Если святость для автора «Обрученных» – это узда разума для укрощения страстей, то для Достоевского между разумом и чувством не было столь явных противоречий. Автор «Братьев Карамазовых» даже склонен максимально сосредоточить внимание читателя на тайне «тлетворного духа» скончавшегося старца Зосимы. Покойный праведник был так почитаем, что суеверный народ меньше бы удивился тому, что бренное тело великого праведника вознеслось у всех на глазах, чем тому, что оно просто «провоняло». Писатель показывает таким образом, как еще, по сути, по-язычески вульгарны представления о святости. Ведь не только простой темный люд, но и монастырская братия и даже слывущими просвещенными прихожане ожидали не естественного процесса разложения умершей плоти, а неких чудес.
Что поражает больше всего – это особая «симметрия» между сюжетами фра Кристофоро и отца Зосимы. Зосима рискует жизнью, ждет, чтобы противник выстрелил первым, и затем, из-за мыслей, появившихся у него ночью и из-за решения, принятого им еще утром, бросает пистолет и просит у противника прощения. А фра Кристофоро этого не успевает сделать, он совершает ужасное преступление, и его душа переживает тогда гнев Бога Живого.
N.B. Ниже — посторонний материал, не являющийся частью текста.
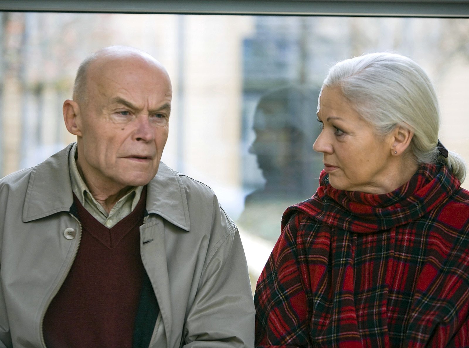 SchuldSeine Frau Gerda (Solveig Müller) macht ihm klar, dass er ohne die Operation sterben könnte und dann würde sie das gleiche Schicksal ereilen, wie ihn, als Alfred seine erste Frau verloren hat.Bild: © MDR/Krajewsky
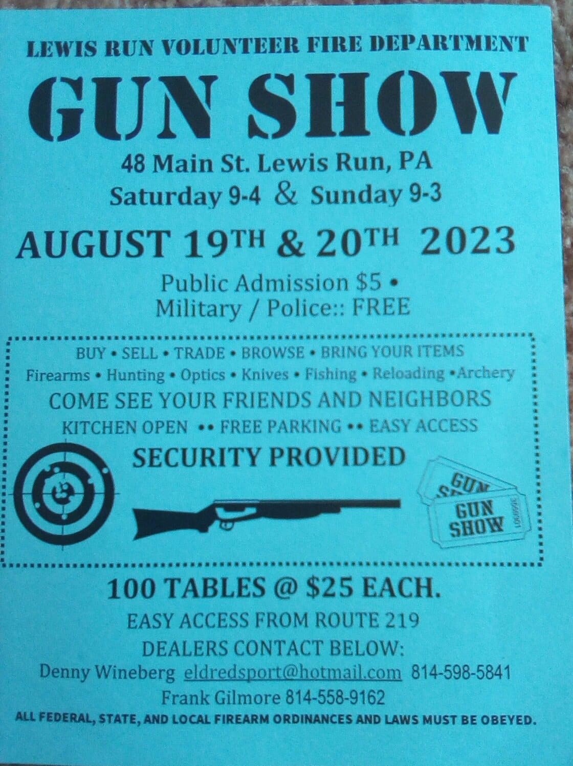 The Lewis Run Volunteer Fire Department Gun Show currently has no upcoming dates scheduled in Lewis Run, PA. This Lewis Run gun show is held at Lewis Run VFD Station 6 and hosted by Lewis Run Volunteer Fire Department. All federal and local firearm laws and ordinances must be obeyed.

Современная исследовательница комплекса «грешных святых» в русской литературе М.Н. Климова приводит примеры восточных и западных святых, которые поведали миру о своей мятежной юности: это блаженные отцы Западной Церкви Августин и Иероним, св. Ефрем Сирин. Относительно Достоевского она отмечает:
«Житие» старца Зосимы ориентировано на традиционное житие-биографию святителя или преподобного, особенно преуспевшего в деле наставничества мирян. Такие жития-биографии нередко включают эпизод юношеских заблуждений будущего святого (тем легче ему в дальнейшем будет наставлять мирян, сбившихся с истинного пути и пришедших к нему за советом).[280]
В целом неудивительно, что человек, пришедший к раскаянию и праведной жизни монаха, имеет в прошлом, если не тяжкие грехи, то во всяком случае опыт земных страстей, искушений и заблуждений. В ракурсе сравнения старец Зосима и фра Кристофоро в их мирском воплощении при всех безусловных совпадениях предстают как фигура объемная и плоская. Если началом поворота к идее отречения от мира для Лодовико служит вполне для того достаточная тяжесть вины после совершенного преступления, то в характере будущего «русского инока» читателю приоткрывается своего рода движение души, при том, что как такового преступления герой не совершает, да и в общем, в картине своих помыслов и деяний, на протяжении всего описания жития нравственный портрет старца остается неизменно благостным, мягким, в нем уже угадывается перспектива будущей, новой жизни. В романе Мандзони фра Кристофоро связан в основном с героями текущей исторической действительности, а в прошлом – лишь с тем грехом молодости, искупительной жертвой которому стала вся его жизнь. История старца Зосимы даже в чисто художественной реализации являет собой более сложный феномен. Помимо живых героев романа, Зосима пребывает во текущем взаимодействии с героями своего прошлого. От брата Маркела ему достается чуть ли не главная линия его будущих поучений; неслучайно в записи «Жития» рассказ о рано покинувшем его брате предшествует даже теме «О Священном Писании в жизни отца Зосимы»: «Юн был, ребенок, но на сердце осталось все неизгладимо, затаилось чувство. В свое время должно было восстать и откликнуться. Так оно и случилось» (14, 263). Достоевский и в случае с Зосимой непременно указывает на пору детства как на важнейший этап формирования личности человека. Будучи уже почти на смертном одре, старец произнесет: «Отцы и учители, пощадите теперешние слезы мои – ибо все младенчество мое как бы вновь восстает предо мною, и дышу теперь, как дышал тогда детскою восьмилетнею грудкой моею, и чувствую, как тогда, удивление, и смятение, и радость» (14, 264).